Define the use case and create a prompt template for instructions

In [3]:
example = '''
### Instruction:
Use the Input below to create an instruction, which could have been used to generate the input using an LLM.

### Input:
Dear [boss name],

I'm writing to request next week, August 1st through August 4th,
off as paid time off.

I have some personal matters to attend to that week that require
me to be out of the office. I wanted to give you as much advance
notice as possible so you can plan accordingly while I am away.

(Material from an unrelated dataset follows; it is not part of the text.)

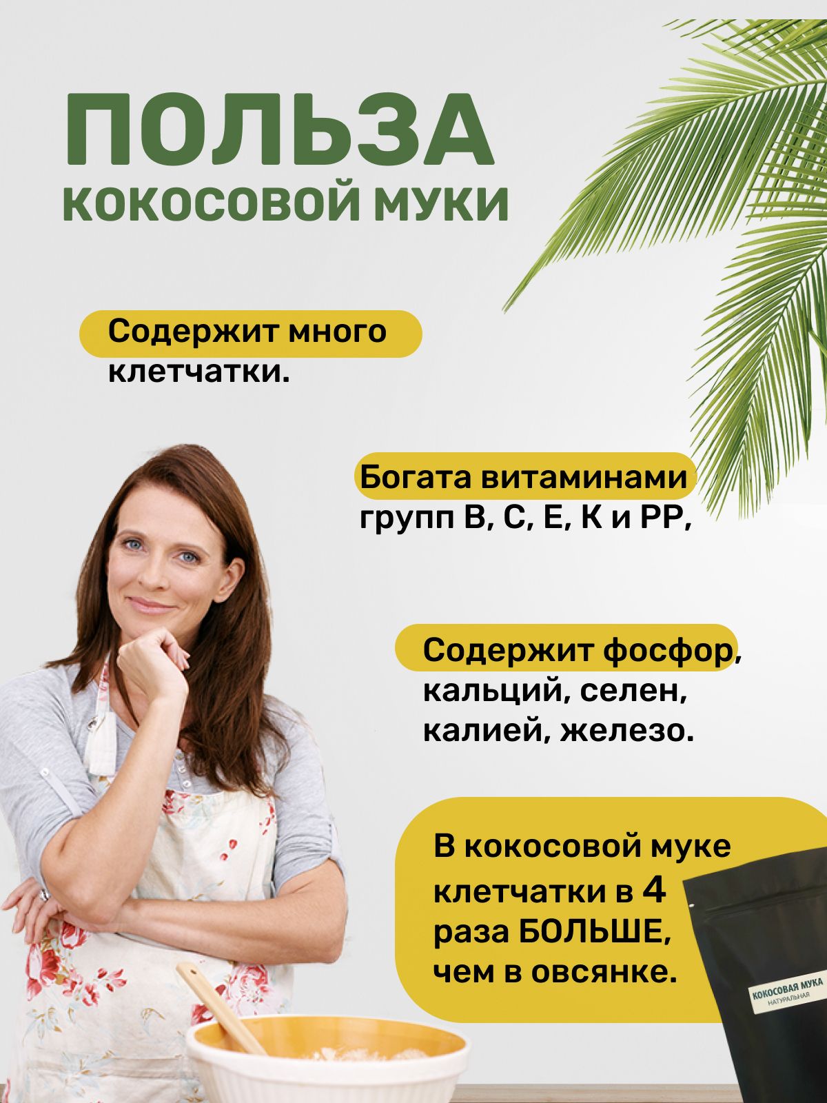 Описание: Кокосовая мука-натуральный, низкокалорийный продукт! Подойдет для веганов и для тех, кто на диете. Изготовлена из высушенной мякоти кокоса, богата клетчаткой, содержит значительное количество белка. Нормализует пищеварение и помогает в поддержании стройной фигуры. Эта воздушная мука с лёгким кокосовым ароматом обладает сбалансированным составом минералов (йод, калий, кальций) и витаминов (А, В, С, D и E). Йод, содержащийся в кокосовой муке, улучшает работу щитовидной железы, а кальций -укрепляет кости, зубы. Мука кокоса поможет сделать выпечку не только вкусной, но и здоровой. Она придает легкий кокосовый аромат и вкус любой выпечке, блинчикам, оладьям. Из кокосовой муки получаются прекрасные пп печенье и кексы. Без ГМО, без сахара, без молочного белка, без глютена и лактозы, без консервантов и прочих добавок. Её добавляют в йогурты, коктейли, смузи, каши, супы-пюре и запеканки. Попробуйте использовать вместо пшеничной муки, вам обязательно понравится!

Please let me know if you need any additional information from me
or have any concerns with me taking next week off. I appreciate you
considering this request.

Thank you, [Your name]

### Response:
Write an email to my boss that I need next week 08/01 - 08/04 off.

'''

In [4]:
def format_instruction(sample):
	return f"""### Instruction:
Use the Input below to create an instruction, which could have been used to generate the input using an LLM.

### Input:
{sample['response']}

### Response:
{sample['instruction']}
"""


In [5]:
print(format_instruction(dataset[randrange(len(dataset))]))

### Instruction:
Use the Input below to create an instruction, which could have been used to generate the input using an LLM.

### Input:
Lotar is string, Timbal is percussion.

### Response:
Identify which instrument is string or percussion: Timbal, Lotar



Now lets fine tune the language model

In [6]:
import torch
from transformers import AutoTokenizer, AutoModelForCausalLM, BitsAndBytesConfig

use_flash_attention=False
# BitsAndBytesConfig int-4 config
# This part is because we want to do QLoRA
bnb_config = BitsAndBytesConfig(
    load_in_4bit=True, bnb_4bit_use_double_quant=True, bnb_4bit_quant_type="nf4", bnb_4bit_compute_dtype=torch.bfloat16
)

In [7]:
LLAMA2_PATH = "/data/data_user/public_models/Llama_2_hf/Llama-2-7b-hf/"
# Load model and tokenizer
model = AutoModelForCausalLM.from_pretrained(
    LLAMA2_PATH,
    quantization_config=bnb_config,
    use_cache=False,
    use_flash_attention_2=use_flash_attention,
    device_map="auto",
)
model.config.pretraining_tp = 1

tokenizer = AutoTokenizer.from_pretrained(LLAMA2_PATH)
tokenizer.pad_token = tokenizer.eos_token
tokenizer.padding_side = "right"

Loading checkpoint shards: 100%|██████████| 2/2 [00:02<00:00,  1.47s/it]


In [10]:
from peft import LoraConfig, prepare_model_for_kbit_training, get_peft_model

# LoRA config based on QLoRA paper
peft_config = LoraConfig(
        lora_alpha=16,
        lora_dropout=0.1,
        r=64,
        bias="none",
        task_type="CAUSAL_LM",
)


# prepare model for training
model = prepare_model_for_kbit_training(model)
model = get_peft_model(model, peft_config)


In [11]:
from transformers import TrainingArguments

args = TrainingArguments(
    output_dir="llama-7-int4-dolly",
    num_train_epochs=3,
    per_device_train_batch_size=6 if use_flash_attention else 4,
    gradient_accumulation_steps=2,
    gradient_checkpointing=True,
    optim="paged_adamw_32bit",
    logging_steps=10,
    save_strategy="epoch",
    learning_rate=2e-4,
    bf16=False,
    tf32=False,
    max_grad_norm=0.3,
    warmup_ratio=0.03,
    lr_scheduler_type="constant",
    disable_tqdm=True # disable tqdm since with packing values are in correct
)


In [12]:
from trl import SFTTrainer

max_seq_length = 2048 # max sequence length for model and packing of the dataset

trainer = SFTTrainer(
    model=model,
    train_dataset=dataset,
    peft_config=peft_config,
    max_seq_length=max_seq_length,
    tokenizer=tokenizer,
    packing=True,
    formatting_func=format_instruction,
    args=args,
)


In [13]:
trainer.train()

You're using a LlamaTokenizerFast tokenizer. Please note that with a fast tokenizer, using the `__call__` method is faster than using a method to encode the text followed by a call to the `pad` method to get a padded encoding.